La confiance, au cœur de la communication d’influence
Pour s’exercer convenablement, l’influence ne peut prendre pour cadre un débat contradictoire. L’influenceur n’est pas un contradicteur, ni même un véritable interlocuteur : c’est d’abord un écouteur. C’est par l’écoute que l’on fait venir l’autre à soi, tout en lui donnant le sentiment d’aller vers lui, C’est en buvant ses paroles qu’on le vide, pour mieux le remplir du fluide de nos propres idées.
L’influence ne fonctionne que si règne la confiance. Si la capacité à influencer d’un individu ou d’un groupe est utilisée dans le but de tromper ceux qui en sont la cible, elle finit bien vite par s’étioler.
La véritable influence est invisible
Plus important encore : l’influence fonctionne essentiellement lorsqu’elle n’est pas perçue comme telle. On ne peut véritablement parler d’influence que lorsque le sujet cible est persuadé d’agir sur la base de sa volonté propre. Une bonne communication d’influence est donc de fait une communication subtile, invisible, indétectable. Toute forme d’insistance risque de provoquer une résistance. Ce que l’on nomme réactance en psychologie correspond précisément au rejet d’une tentative d’influence, qui survient lorsque celle-ci est identifiée ou soupçonnée. Le meilleur vecteur d’influence demeure la relation interindividuelle directe, où l’émetteur ne trahit aucun motif quant à l’approbation du récepteur.

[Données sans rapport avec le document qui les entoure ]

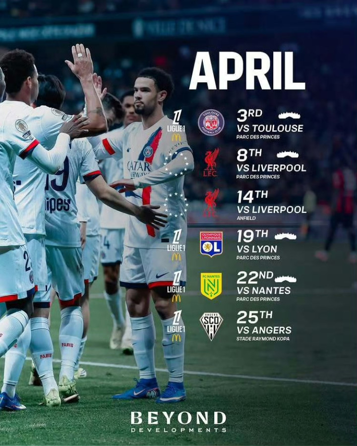 巴黎圣日耳曼四月赛程
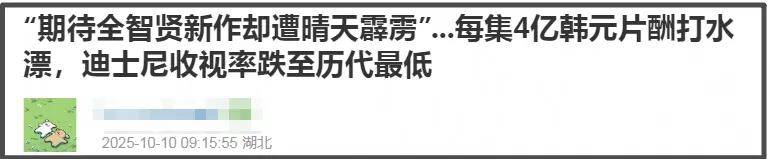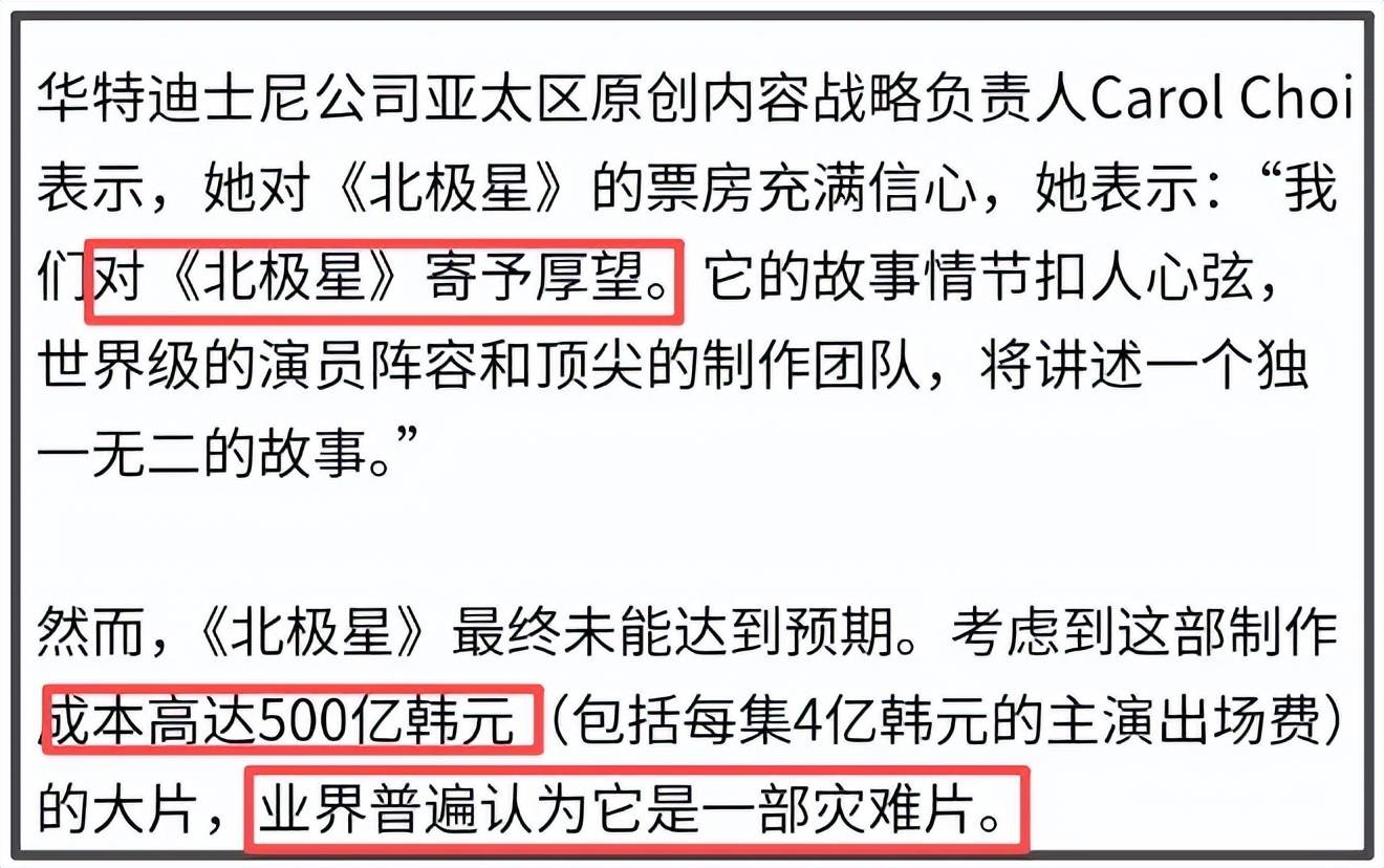 据悉,迪士尼内容战略负责人对《暴风圈》的票房寄予厚望,对全智贤充满信心,但播出效果不达预期,配不上高达2.5亿的制作费,业内直接把它定性为灾难片,足见有多差。而且,该剧主演200万一集的片酬也让人讶异,不知是单人还是所有主演,若是单人主演,迪士尼就是冤大头。
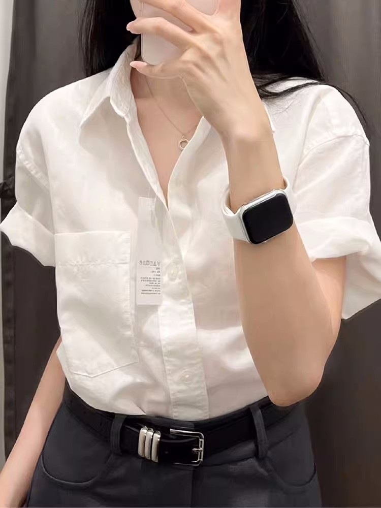 여성용 흰색 반팔 셔츠 여름 틈새 디자인 하이 엔드 캐주얼 다목적 통근 셔츠 루즈 한 반팔 탑
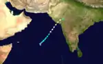 An area of convection south of the previous storm slowly organized into a tropical storm on October 16. It tracked northwestward, reaching a peak of 60 mph winds before hitting southeastern India on the 20th as a weakened 50 mph storm. 60 casualties can be attributed to this system and 400 huts were damaged.
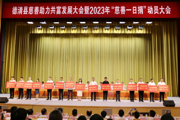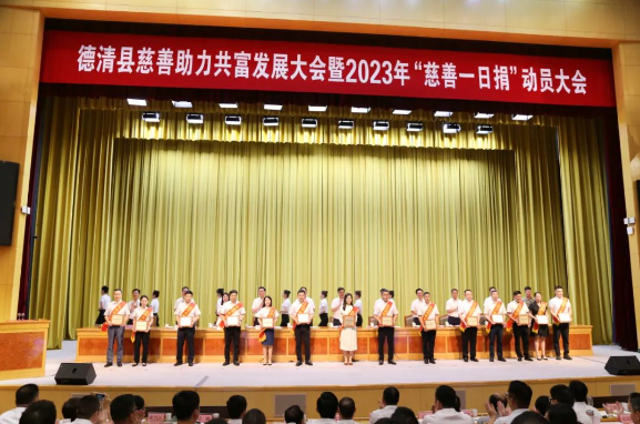 9月1日,德清县慈善助力共富发展大会暨2023年“慈善一日捐”动员大会召开,德华集团被授予德清慈善奖——“机构捐赠贡献奖”,德华集团总经理程树伟上台领奖。大会期间,德华集团还向德清共富基金捐款80万元。
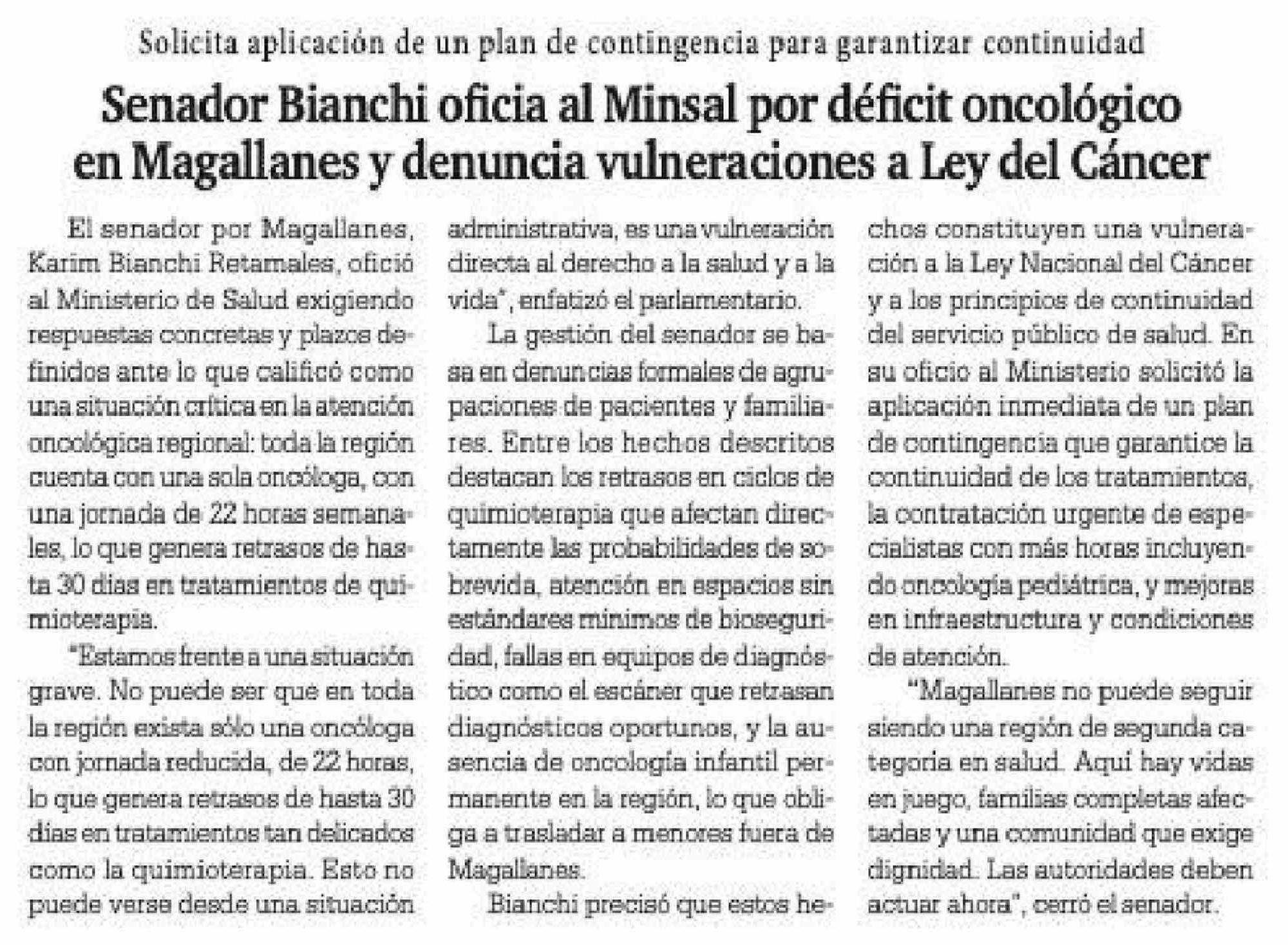 | Título: | Senador Bianchi oficia al Minsal por déficit oncológico en Magallanes y denuncia vulneraciones a Ley del Cáncer |
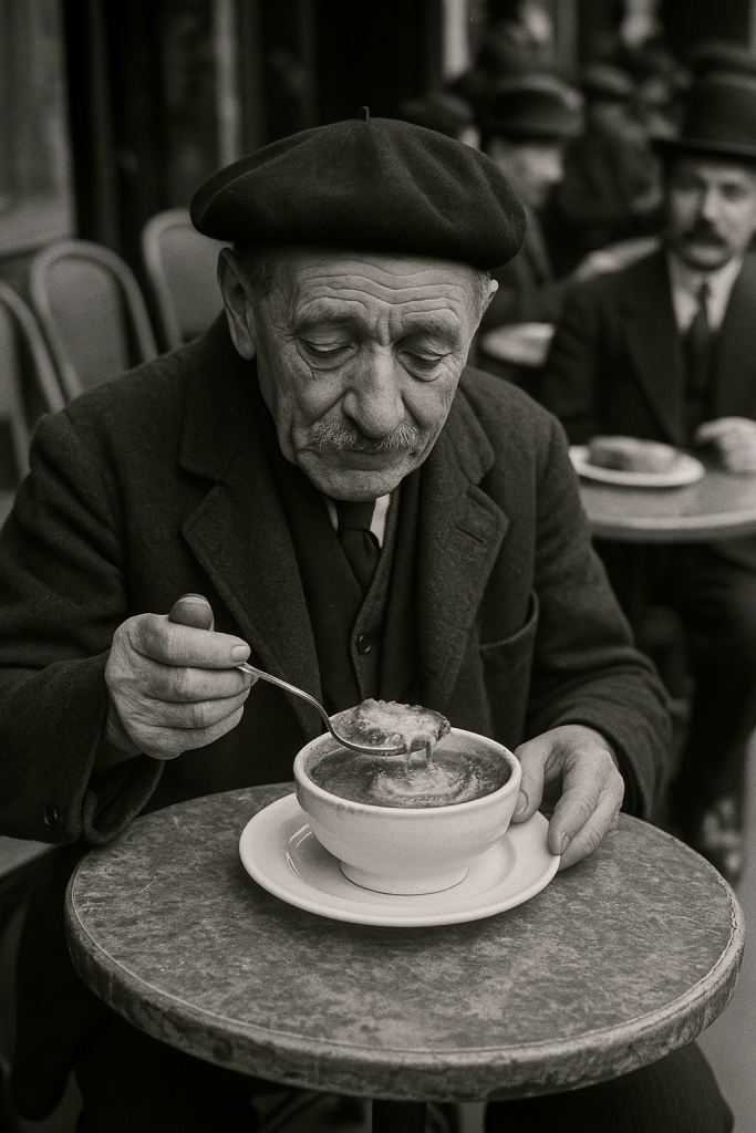 La versión más conocida hoy en día, con queso gratinado y pan tostado, se popularizó en París durante el siglo XIX, cuando la receta fue perfeccionada y refinada por los chefs franceses. La inclusión del queso Gruyère derretido y la capa de pan tostado gratinado en la parte superior transformaron la sopa de cebolla en un plato mucho más sabroso y reconfortante, que empezó a ser servido en bistrós y brasseries parisinas.

Storytelling et communication d’influence
La confection du contenu d’influence doit exploiter les principes de la communication narrative. Le principe du storytelling est de transformer le message en une histoire qui se raconte et circule de conteur en conteur. L’histoire est celle d’un personnage, soit à admirer, soit auquel il est possible de s’identifier. Le personnage principal a un nom. Il peut rencontrer d’autres personnages : le destinateur, qui lui confie une mission, les opposants, qui l’empêchent de mener à bien sa mission… L’histoire s’organise en étapes clefs : situation initiale, incident déclencheur, engagement dans une quête, succession d’épreuves, retour à la raison et appel à l’action. L’histoire doit avoir une morale, au moins implicite, sinon elle ne dit rien.

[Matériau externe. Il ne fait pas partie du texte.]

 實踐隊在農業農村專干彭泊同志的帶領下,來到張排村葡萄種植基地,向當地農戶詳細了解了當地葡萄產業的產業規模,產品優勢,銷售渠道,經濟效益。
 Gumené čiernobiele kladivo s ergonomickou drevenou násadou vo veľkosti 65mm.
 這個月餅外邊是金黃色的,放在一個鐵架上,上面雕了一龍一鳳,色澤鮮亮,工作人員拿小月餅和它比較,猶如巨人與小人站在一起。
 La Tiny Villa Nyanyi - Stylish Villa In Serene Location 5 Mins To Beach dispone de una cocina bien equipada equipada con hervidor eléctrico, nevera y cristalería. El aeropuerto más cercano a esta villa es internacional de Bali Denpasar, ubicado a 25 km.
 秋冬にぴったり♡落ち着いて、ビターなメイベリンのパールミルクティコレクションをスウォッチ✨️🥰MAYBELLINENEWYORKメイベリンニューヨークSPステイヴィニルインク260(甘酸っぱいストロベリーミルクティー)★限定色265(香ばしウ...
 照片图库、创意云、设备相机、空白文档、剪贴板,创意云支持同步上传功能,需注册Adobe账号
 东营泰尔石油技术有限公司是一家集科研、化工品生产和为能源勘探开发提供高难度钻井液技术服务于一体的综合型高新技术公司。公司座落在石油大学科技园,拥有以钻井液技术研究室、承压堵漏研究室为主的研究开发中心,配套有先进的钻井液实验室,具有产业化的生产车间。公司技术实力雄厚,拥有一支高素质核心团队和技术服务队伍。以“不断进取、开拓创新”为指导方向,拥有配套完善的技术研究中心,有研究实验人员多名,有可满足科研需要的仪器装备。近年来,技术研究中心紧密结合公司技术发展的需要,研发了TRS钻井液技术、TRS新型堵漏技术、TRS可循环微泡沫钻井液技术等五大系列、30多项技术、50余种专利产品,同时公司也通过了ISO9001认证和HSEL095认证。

Cette histoire doit être racontée par un locuteur initial. L’histoire qu’il raconte peut être sa propre histoire : ce locuteur affirme de fait une position de leader. Les rouages de la matrice rhétorique sont enclenchés. La capacité à influencer dépend alors de la bonne gestion du rapport entre l’ethos, le logos, le pathos, et le topos. Tous ces éléments fondamentaux du discours se réorganisent et se redéfinissent réciproquement. Aucun ne doit être négligé au risque de manquer la possibilité même de communiquer.

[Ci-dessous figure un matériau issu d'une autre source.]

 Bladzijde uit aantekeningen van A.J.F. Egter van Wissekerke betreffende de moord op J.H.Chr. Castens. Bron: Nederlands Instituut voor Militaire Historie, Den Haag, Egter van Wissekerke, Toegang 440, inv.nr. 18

Influencer, est-ce manipuler ?
Faut-il condamner la communication d’influence, n’y voir qu’une forme de manipulation sournoise ? Tout dépend l’usage que nous en faisons. Il y a manipulation lorsque l’influence est exercée pour tromper délibérément autrui, l’induire en erreur, abuser de son illusion de liberté pour mieux l’emprisonner. Mais l’influence peut tout autant servir de beaux projets, de nobles idées. A chacun d’évaluer dans quelle mesure ses opinions sont fondées, et dans quelle mesure il se trouve lui-même influencé.